A couple years ago, we were taking family pictures at a local forest preserve. Josephine saw a fallen log which made a bridge over a stream below. She insisted on having her picture taken in the middle of it. She bravely walked across the log, arms balancing on each side. She got to the very middle, plopped down, and dangled her legs over the side. I thought this was a terrible idea as I imagined her falling. I could only see the danger. She saw the potential beauty. She was right.
Like many teenagers, she struggles with big life questions: Why do good people do bad things? Why is there evil in the world? Does prayer really change things or is life preordained? She’s unafraid to confront opinions that differ from her own. We’ve had some lively family dinners and deep conversations. And a few arguments. She backs down from nothing and I admire her dogged commitment to her viewpoint.
Recently her religion class discussed the ethics and morality surrounding gene editing technology. A classmate said that she would use this technology to avoid having a child with Down syndrome. Now Josephine hadn’t told anyone in this class about Becky. When you’re in high school and your mother is having a baby, well, that’s a lot to take to the lunch room. Anyways, Josephine asked her classmate why she felt this way about Down syndrome. The girl responded, “Well, those people have no quality of life.”
Josephine pressed on asking, “How do you know that?” And the classmate said, “Just look at them. They don’t.” Another girl jumped into the conversation adding, “It’s very expensive to raise a child with Down syndrome. So I would do the same thing and avoid having a baby like that altogether.” Never revealing her intimate link with this scenario, Josephine simply retorted, “We’ve been told that gene editing costs millions of dollars. If you have that kind of money to edit genes, you can afford to raise a special needs child.”

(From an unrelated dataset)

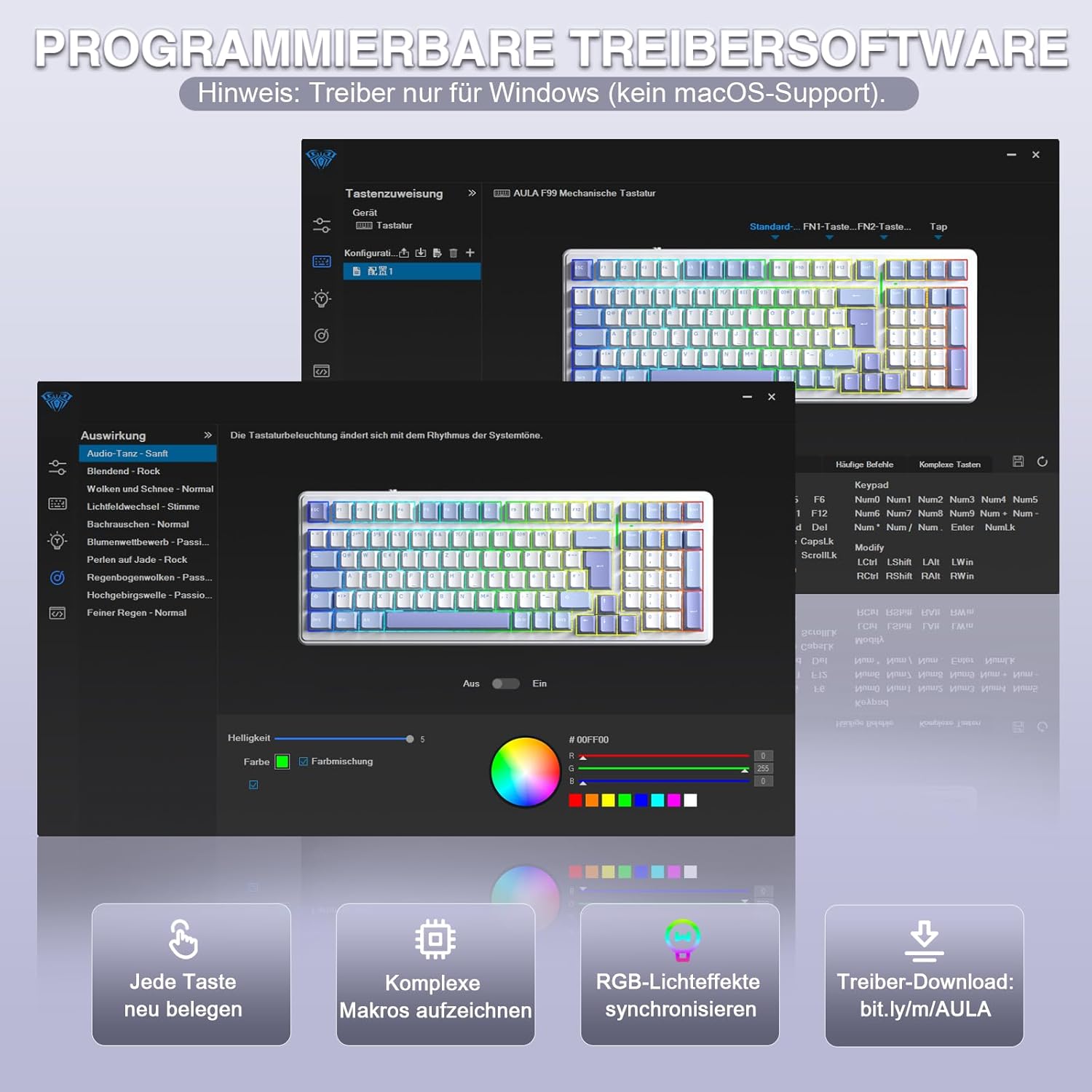 Makro-Programmiersoftware: Diese Treibersoftware wurde entwickelt, um das volle Potenzial Ihrer Tastatur auszuschöpfen. Sie können RGB-Lichteffekte anpassen, Makrobefehle programmieren, Tasten neu belegen und praktische Tastenkombinationen für optimierte Arbeitsabläufe und Gaming-Vorteile einrichten, die eine echte Individualisierung ermöglichen. Wichtiger Hinweis: Die Treibersoftware unterstützt derzeit nur Windows. Systeme und ist nicht für Mac verfügbar
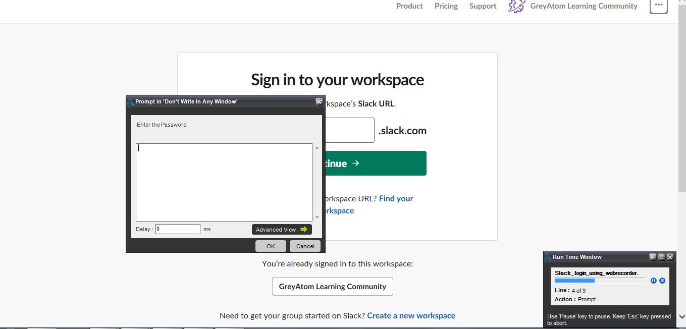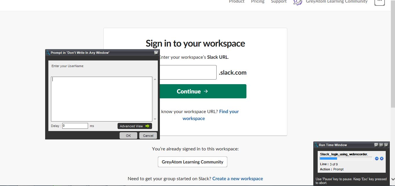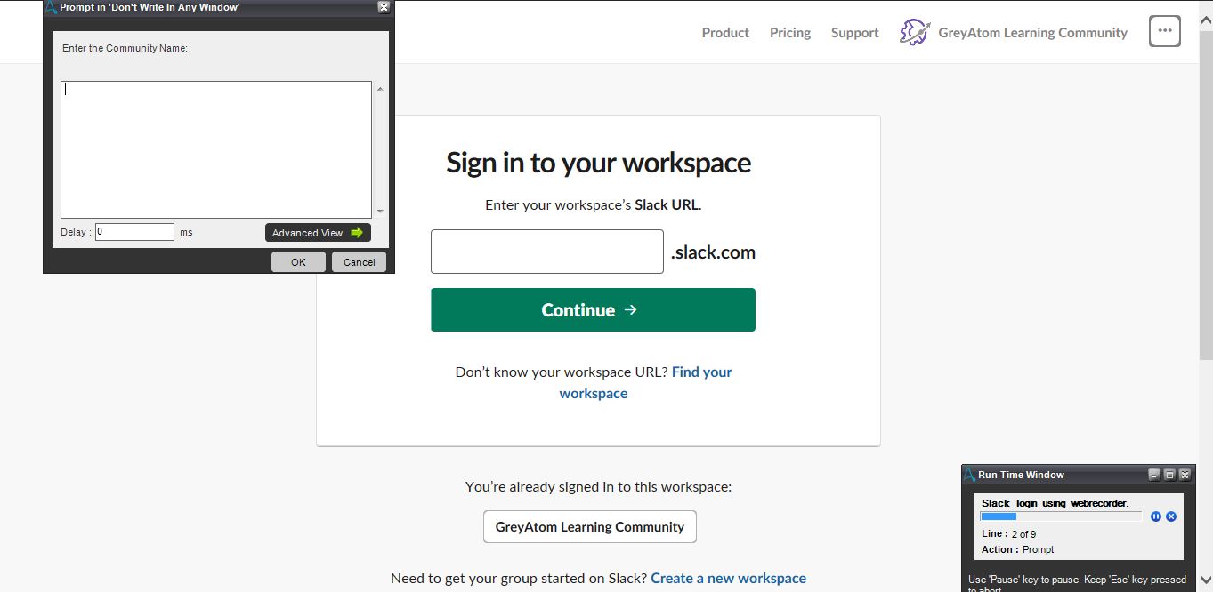 This bot will ask the following information using prompt: Community name, User Name and Password. It will use the above details to login to slack and access the community.

Josephine feels deeply and cares passionately for those around her. She’s not sure if she wants to study law or medicine. She would be a force in either field. We’ve already crafted a future where she lives relatively close to home (as she says “close but not too close”). We imagine movie nights where Becky can pick her favorite Disney princess movie. We’re going to all have matching pajamas and wear the appropriate garments during the show. She plans to take Becky for ice cream cones. Double scoops in a sprinkled waffle cone. Josephine will spring for such luxuries. But she insists that they’ll walk round trip to the local ice cream store. After all, we need to keep Becky’s heart strong.
These musings warm my heart and make me ever grateful for that 8 pound 4 ounce miracle born with wild hair 16 years ago. She has challenged me as a mother. She has inspired me as a person. She has filled my life with zest and energy and beauty.
Simply put, I love her with all my heart.